(SUPPLIED INFORMATION Opens)

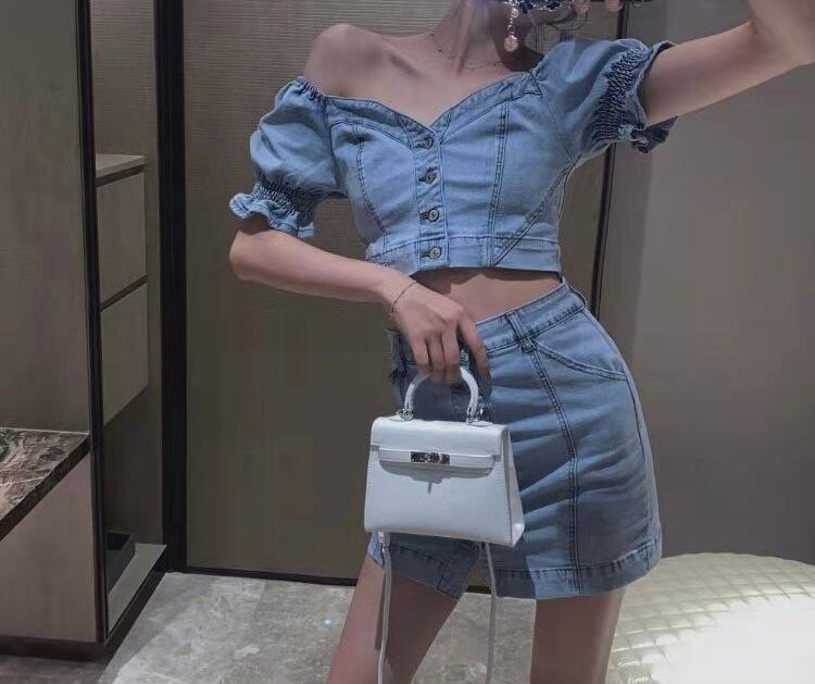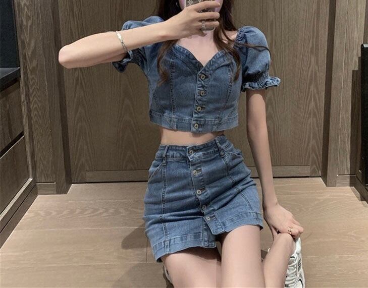 ショート丈トップスとミニ丈ボトムスがセクシーなデニムセットアップ。
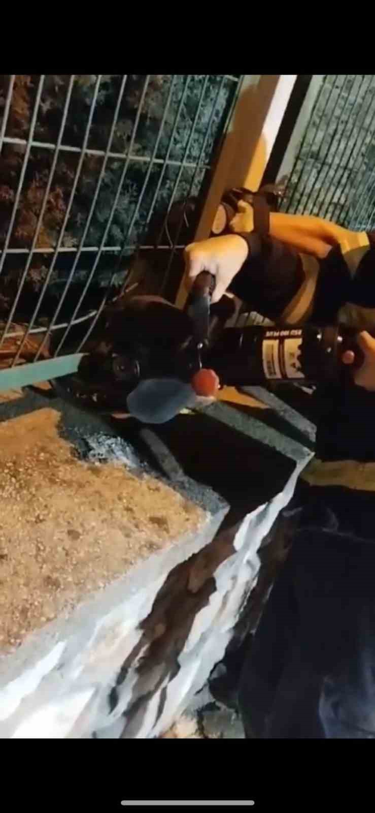 Bölgeye sevk edilen itfaiye ekibi, demir korkuluklara sıkışan köpeği kurtarmak için dakikalarca ter döktü. Demir korkulukları keserek köpek sıkıştığı yerden kurtaran ekiplerin mücadelesi kameraya anbean yansıdı. Çığlık atarak kurtulan yavru köpek daha sonra yaşam alanına bırakıldı.
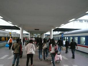 深圳駅まで「和諧号(簡体字:和谐号)」に乗り、九広鉄路東線に乗り換えて香港を目指す。
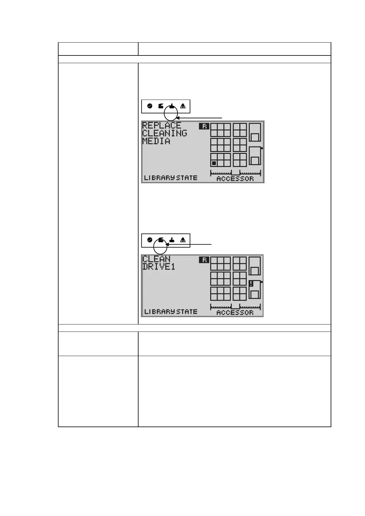 also indicated after cleaning of a drive, a cleaning tape is exchanged.
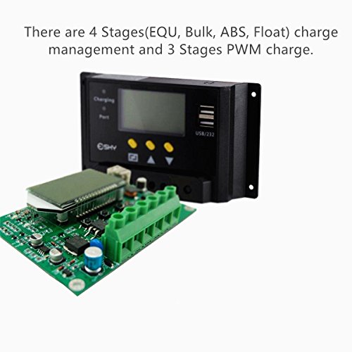- POWER CONFIGURATION: Max 30A 12V/24V 360W/720W, the power rate is conveniently adjustable with the dual USB port on the front of the regulator. There are 4 Stages(EQU, Bulk, ABS, Float) charge management and 3 Stages PWM charge.
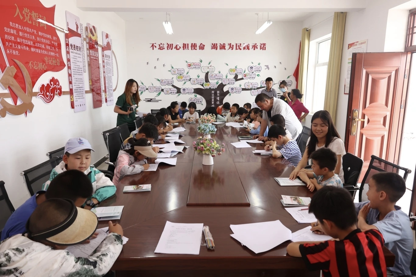 7月18日,团队成员聚焦“如何讲好普通话”开展专题宣讲会。会上,团队成员结合日常交流场景,用通俗易懂的语言讲解普通话发音技巧、常见误区及推广意义,强调普通话在沟通交流、求职就业、融入社会等方面的重要作用。针对不同年龄群体的需求,他们还特别分享了适合老年人的日常用语练习方法、适合青少年的朗诵技巧,让在场村民和员工都能学有所获。

(SUPPLIED INFORMATION Closes)

Your copy must match the records above exactly, apart from the pictures, which are excluded.

● **WRITTEN SOLUTION**:
 ショート丈トップスとミニ丈ボトムスがセクシーなデニムセットアップ。
 Bölgeye sevk edilen itfaiye ekibi, demir korkuluklara sıkışan köpeği kurtarmak için dakikalarca ter döktü. Demir korkulukları keserek köpek sıkıştığı yerden kurtaran ekiplerin mücadelesi kameraya anbean yansıdı. Çığlık atarak kurtulan yavru köpek daha sonra yaşam alanına bırakıldı.
 深圳駅まで「和諧号(簡体字:和谐号)」に乗り、九広鉄路東線に乗り換えて香港を目指す。
 also indicated after cleaning of a drive, a cleaning tape is exchanged.
- POWER CONFIGURATION: Max 30A 12V/24V 360W/720W, the power rate is conveniently adjustable with the dual USB port on the front of the regulator. There are 4 Stages(EQU, Bulk, ABS, Float) charge management and 3 Stages PWM charge.
 7月18日,团队成员聚焦“如何讲好普通话”开展专题宣讲会。会上,团队成员结合日常交流场景,用通俗易懂的语言讲解普通话发音技巧、常见误区及推广意义,强调普通话在沟通交流、求职就业、融入社会等方面的重要作用。针对不同年龄群体的需求,他们还特别分享了适合老年人的日常用语练习方法、适合青少年的朗诵技巧,让在场村民和员工都能学有所获。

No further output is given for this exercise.